Like in other invertebrates [10, 20] the global level of genome methylation in Apis is low and appears to be restricted to CpGs residing in coding exons [16, 36]. It has been argued [14, 10] that global methylation, a hallmark of vertebrate genomes, arose within the phylum Chordata at the time when vertebrates originated, and was a major source of innovation at the genomic level. However, Regev et al [11] concluded that methylation, originally used as a general repressor of genomic parasites, was recruited to perform gene regulatory functions well before the transition from invertebrates to vertebrates. One possibility is that transcriptional regulation by DNA methylation is an ancient mechanism of gene control that was adequate for primordial metazoan species with limited cell type and tissue repertoires. As animal evolution progressed, novel regulatory mechanisms operating via promoters and sequence-specific transcription factors (TFs) were invented to generate both the developmental sophistication and cellular diversity that characterise modern animals. As a result, organismal complexity is largely instantiated at the level of differential gene expression that evolved by combining the specific TFs, differential splicing, non-coding RNAs, chromatin remodeling and epigenetic modification of genomic DNA by methylation [1]. In this context, the lack of an obvious correlation between gene number and apparent morphological and behavioral complexities of diverse organisms in different phyla [37] is not surprising. While the combinatorial interactions of TFs and their targets are now well understood [38, 39], the role(s) of epigenetic modifications in gene regulation are only beginning to be unraveled.
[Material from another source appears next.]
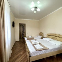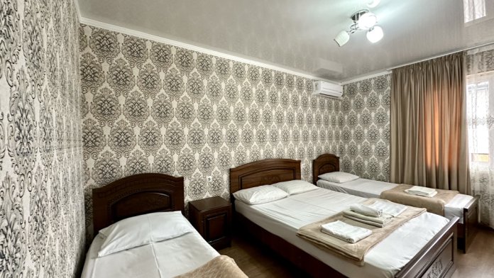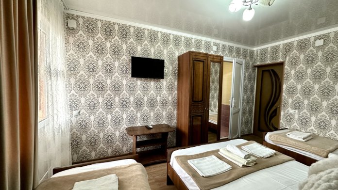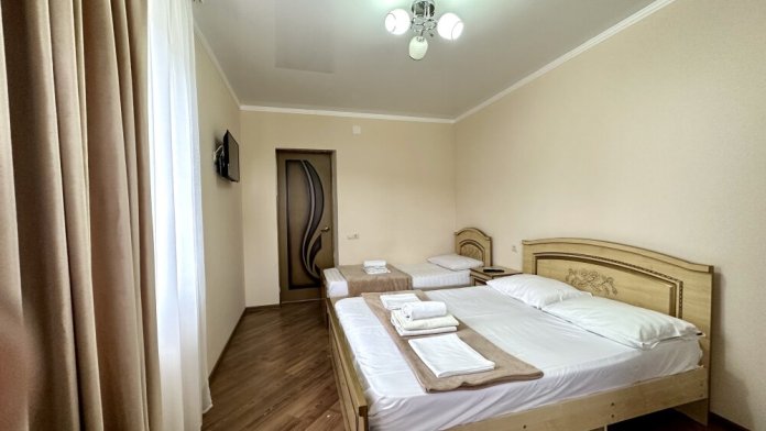 Добро пожаловать в наш уютный трехместный номер. Вас ждет просторная комната с интерьером в теплых тонах, которая создаст атмосферу уюта. В номере есть большая и удобная двуспальная кровать , односпальная кровать и все необходимое для отдыха

The results presented in this paper have important implications for the field of evolutionary developmental biology (evo-devo). A prominent view in this field is that morphological diversity is caused primarily by mutations in the cis-regulatory regions of genes [40], rather than by changes in protein coding sequences as suggested by other authors (eg [41]). A compromising proposal [42] predicts that the relative importance of both cis-regulatory and protein coding changes will vary depending on factors such as the position or rank of a gene in a regulatory network, the population dynamics and the evolutionary time span. In this model, highly interconnected genes are preferentially subjected to cis-regulatory evolution, while mutations in protein coding sequences are more prevalent in genes residing in less densely clustered parts of the network. Our results suggest that intragenic methylation might be an additional constituent of the cis-regulatory machinery regulating the components of densely connected metabolic and information processing networks constitutively expressed in most cells. In contrast, effector genes responsible for cell differentiation and specialization might not require these rich and complex regulatory inputs, and would not be methylated.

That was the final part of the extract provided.